A few weeks ago, Mitch Hemann rummaged through the deserted offices of a long-closed coffin factory when he discovered an old framed photo resting on a wall with other images. Instantly, he knew something special.
The giant impression, through a layer of dust that had made its way under the glass in a shattered frame, showed two men, one older, one middle-aged, and a young man, probably a teenager, under the porch of undeniable wood. . – Framed building. Another guy peeks out of the frame of a side window.
“Walk with the hairdresser 10c,” says a sign on the porch. Below is a sign: “Open. Same prices. Same crowd. “Part of this sign is hidden through a porch pole, but obviously you can read the rest: ‘New construction bigger than ever’.
The recovered bricks are stacked in front of a wall of the structure. And in giant lyrics published on the back of the photo is its maximum attractive clue: “May 10, 1901”.
Hemann, a senior archivist at the Jacksonville Historical Society, doesn’t know where the photograph comes from; He discovered it through the cleaning area at the coffin factory near the sports complex, a construction expected for a museum committed to Jacksonville’s history of music.

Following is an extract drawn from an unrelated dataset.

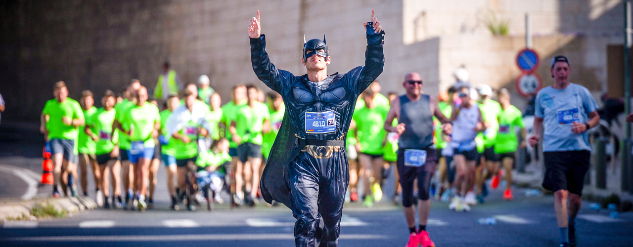 הידיעה על החזרת גופותיהם של אריאל כפיר ושירי ביבס הגיעה אל יואל לוי, מאמן כושר יהודי־בריטי, יום לאחר שנרשם למרתון ירושלים. "הבשורה טלטלה אותי", מספר לוי. "נושא החטופים נגע לליבי יותר מכל דבר אחר, וכשקראתי על משפחת ביבס, הרגשתי שנפשי נקשרה בנפשם. זה אולי יישמע קצת מטופש, אבל יש לי שני אחים ג'ינג'ים, ולא יכולתי שלא לחוש אמפתיה מיוחדת לסיפורם של אריאל וכפיר. הרגשתי שאני חייב להנציח אותם. החלטתי שבמרתון בירושלים ארוץ בתחפושת של באטמן. רציתי בעיקר למשוך תשומת לב - שכל מי שיראה אותי יחשוב שאני מוזר, ואולי יחפש ברשת למה הבחור המצחיק הזה רץ מחופש לגיבור־על. קיוויתי שככה גם אחרים יגלו את סיפורה של משפחת ביבס, וצדקתי. זו ההסברה שאני מאמין בה: לא להכריח אנשים להכיר את המציאות הישראלית, אלא לגרום להם להתעניין בה".

However, he temporarily understood what the photo represented: by the date published in it, it had been taken precisely a week after a monstrous chimney swept much of downtown Jacksonville, a mile-long, two-mile-long wall of flames.
The Great Fire of 1901 destroyed nearly 150 blocks and approximately 2,400 buildings, killing seven other people and leaving 10,000 homeless. When the sun went down on May 3, the other people in Lake City and Georgia can see a red glow in the distance. , marking the place where much of Jacksonville had disappeared into the fire.
From the archives: Jacksonville devastated by a maximum destructive conflagration (May 4, 1901)
From the Archives: The March of Fire in Jacksonville (May 4, 1901)
But the ruined city industries almost without delay had begun to make plans for reconstruction, which is seen in the photo.
Hemann searched the city’s directories and decided that Crowd, the ten-cent barber, was Frank Crowd, a prominent black barber who later owned theaters in the LaVilla neighborhood.
In 1901, he had a hairdresser, with a white clientele, inside a brick construction at 17 W. Bay St. Known as the Building, it was destroyed in the Great Fire.
The city might have been in ruins, but its citizens still needed to cut their hair.
“What I see here is a businessman who happens to have rebuilt the place a week after the fire,” Hemann said. “The design is new, the appliance fresh, it has its signs there. “
Intrigued, Hemann alerted Wayne Wood, the general historian of ancient society, and showed him the photo, printed 30 x 40 inches.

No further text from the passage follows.